Prometheus Integration¶
Location: docker/patches/metrics_exporter.py
Initialization¶
The metrics exporter is initialized in graphiti_mcp_server.py:
if _metrics_exporter_available:
metrics_port = int(os.getenv("MADEINOZ_KNOWLEDGE_METRICS_PORT", "9090"))
metrics_enabled = os.getenv("MADEINOZ_KNOWLEDGE_PROMPT_CACHE_METRICS_ENABLED", "true")

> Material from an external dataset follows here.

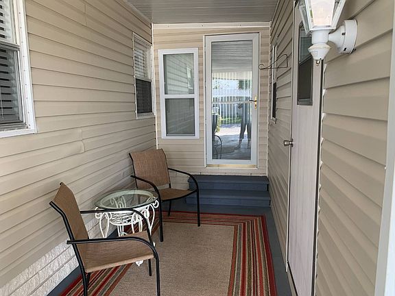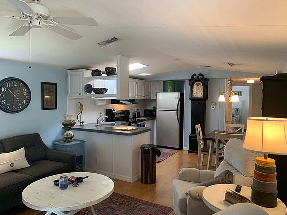 This is a mobile home for sale in a gated, pet friendly, 55+ community on a rented/leased lot. Check out this popular split 2BR/2BA model with a side set all season room and a shed. It has been completely renovated and comes furnished/turnkey. This 14 x 56 Fleetwood model has two master suites. The 2020 A/C, new insulation/membrane and ductwork keeps it all cool! This home lives large with a living room and eat in kitchen area combination with laminate floors and custom paint and an enclosed 12 x 13 all season room. The kitchen has been updated with newer cabinets, counter tops and stainless/black appliances including a refrigerator, stove and dishwasher. There is ample storage including a pantry. The open floor plan has laminate flooring throughout. There's a sliding barn door to the the carpeted all season lanai with vertical blinds.. One bedroom has custom ship lap paneling, a closet and a bathroom en suite (with hall access), a single sink vanity and a walk in shower. The second bedroom has custom board and batten paneling, bay windows and a bathroom en suite with a single sink vanity and a walk in shower. The shed houses the washer/dryer (included in the sale) hookups along with a second shed for extra storage. The lot rent is $817 and includes lawn mowing, edging and blowing along with the community amenities below. Ridgewood Estates is a well maintained GATED community with 2 heated pools, a hot tub, shuffle board & tennis courts, horseshoe pit, pool side club house with a library, fitness center & billiards room. There is a large "event" center used for many HOA sponsored events. Cards, Bingo, Chair Volleyball, water aerobics....just to name a few!

initialize_metrics_exporter(enabled=metrics_enabled, port=metrics_port)
Exposed Metrics¶
Counters (Cumulative)¶
| Metric | Labels | Description |
|---|---|---|
graphiti_cache_hits_total |
model | Cache hit count |
graphiti_cache_misses_total |
model | Cache miss count |
graphiti_cache_tokens_saved_total |
model | Total cached tokens |
graphiti_cache_cost_saved_total |
model | Total $ saved |
graphiti_prompt_tokens_total |
model | Input tokens used |
graphiti_completion_tokens_total |
model | Output tokens used |
graphiti_api_cost_total |
model | Total API cost |
Gauges (Current Value)¶
| Metric | Labels | Description |
|---|---|---|
graphiti_cache_hit_rate |
model | Current hit rate % |
graphiti_cache_enabled |
none | 1=enabled, 0=disabled |
Histograms (Distributions)¶
| Metric | Description |
|---|---|
graphiti_prompt_tokens_per_request |
Input token distribution |
graphiti_api_cost_per_request |
Cost per request |
graphiti_llm_request_duration_seconds |
Response latency |
Example Output¶
# Cache hit rate gauge
graphiti_cache_hit_rate{model="google/gemini-2.0-flash-001"} 75.77
# Cache hits counter
graphiti_cache_hits_total{model="google/gemini-2.0-flash-001"} 1523
# Cost savings counter
graphiti_cache_cost_saved_total{model="google/gemini-2.0-flash-001"} 0.7584
Configuration Reference¶
| Variable | Default | Description |
|---|---|---|
MADEINOZ_KNOWLEDGE_PROMPT_CACHE_ENABLED |
false |
Enable/disable caching |
MADEINOZ_KNOWLEDGE_PROMPT_CACHE_TTL |
1h |
Cache TTL (5m or 1h) |
MADEINOZ_KNOWLEDGE_METRICS_PORT |
9090 |
Prometheus metrics port |
MADEINOZ_KNOWLEDGE_PROMPT_CACHE_METRICS_ENABLED |
true |
Enable metrics export |
MADEINOZ_KNOWLEDGE_PROMPT_CACHE_LOG_REQUESTS |
false |
Debug logging |
Testing¶
Test files follow Constitution Principle VII (Language Separation):
| Test File | Location | Purpose |
|---|---|---|
test_cache_metrics.py |
docker/tests/unit/ |
Cache metrics extraction |
test_session_metrics.py |
docker/tests/unit/ |
Session aggregation |
test_caching_e2e.py |
docker/tests/integration/ |
End-to-end workflow |
test_metrics_endpoint.py |
docker/tests/integration/ |
Prometheus endpoint |
Success Criteria¶
| Metric | Target |
|---|---|
| Token reduction from cache | 40%+ |
| Cache hit rate (after warmup) | 60%+ |
| Response time improvement | 25%+ faster |
Quick Reference¶
Dependency Graph¶
factories.py
→ wrap_openai_client_for_caching() [caching_wrapper.py]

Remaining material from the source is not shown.